Dear Trig,
I’m a happy customer. I love my TY96 radio. Simple to use, it has a knob when you are being thrown around in turbulence and, best of all, you can push the frequency dial and easily toggle between 8.33 and 25 Khz. I leave it in 25Khz most of the time and then when I am getting close, I push it once to “home in” on the correct 8.33 Khz frequency. This means you can change frequencies really quickly. I also love being able to upload my custom frequency database on a USB stick.
So Trig, whey did you design such an awful interface for your TT31 Transponder? Not quite as bad as my JPI engine monitor but my transponder is the second worst interface in my aircraft. When I phoned your technical department to give polite feedback a year ago, you didn’t show much interest. You reminded me about the “back” button when mistakes are made but who remembers that? I watch other people use your transponder and, like me, they also just hit enter/ enter/ enter to cycle around the 4 digits when making a mistake so that’s lots of “turning” / “overshooting” / “turning the knob the wrong way to go the long way around” and often lots of “enter/enter/enter” etc
What is really bizarre is you manufacture a decent version with buttons and sell it to Bendix King who sell it as the KT64. Why would you make a product with a better interface and allow a competitor to sell it?

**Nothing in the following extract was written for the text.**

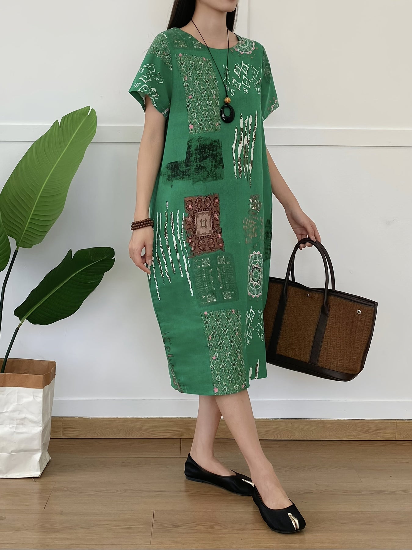 Leinen-Tunika-Kleid für Damen – Rundhalsausschnitt, Blumenprint, Taschen & Lässig

So Trig, just to help I made a photo of what I’m looking for and hopefully it will motivate you to make it. You could call it the TT31e (e=easy interface). Charge £250 more if you wan’t. You already have the circuit boards rolling around so you only have to design a new front panel. I’d buy one!
Kind regards – A loyal customer.
Even though you do get used to it, and it is a cost effective option I don’t think I’d want one in an airplane I plan to keep. The stratus transponder is one I’m looking at for 206, as it seems to be best bang for buck. Though TT31 is good value, the interface kills it for me as a potential customer.
+1 for that. I’ve had the TT31 for ~ 10yrs but it still takes 2x the time to enter a sqawk than other txpndrs. The only advantage is sever turb., when you can hang on the knob.
Good company, good product, please listen…
At least it can also be controlled remotely from a suitable Garmin or Avidyne GPS.
I can’t remember where I read it, or it may have been the Trig chap we spoke to at the recent Duxford safety day, but the answer was “watch this space”. I don’t know how one should interpret that on the Avionics Scale of Time.
Alan
Ultranomad.
Can you expand on the comments about the trig being controlled by a Garmin unit.
”At least it can also be controlled remotely from a suitable Garmin or Avidyne GPS.”
Can it? Not seen anything in the manuals to suggest that, would be interested to hear how that could be done
Archer-181 wrote:
So Trig, just to help I made a photo of what I’m looking for and hopefully it will motivate you to make it. You could call it the TT31e (e=easy interface)
agree 100000000000000% i would also change mine TT31 for a TT31e lol
A_and_C wrote:
Can you expand on the comments about the trig being controlled by a Garmin unit.
Oops, my bad. Should have double-checked the manual – it’s only the GPS position that can be received from Garmin, not the squawk code.
Thanks Ultranomad that was my understanding.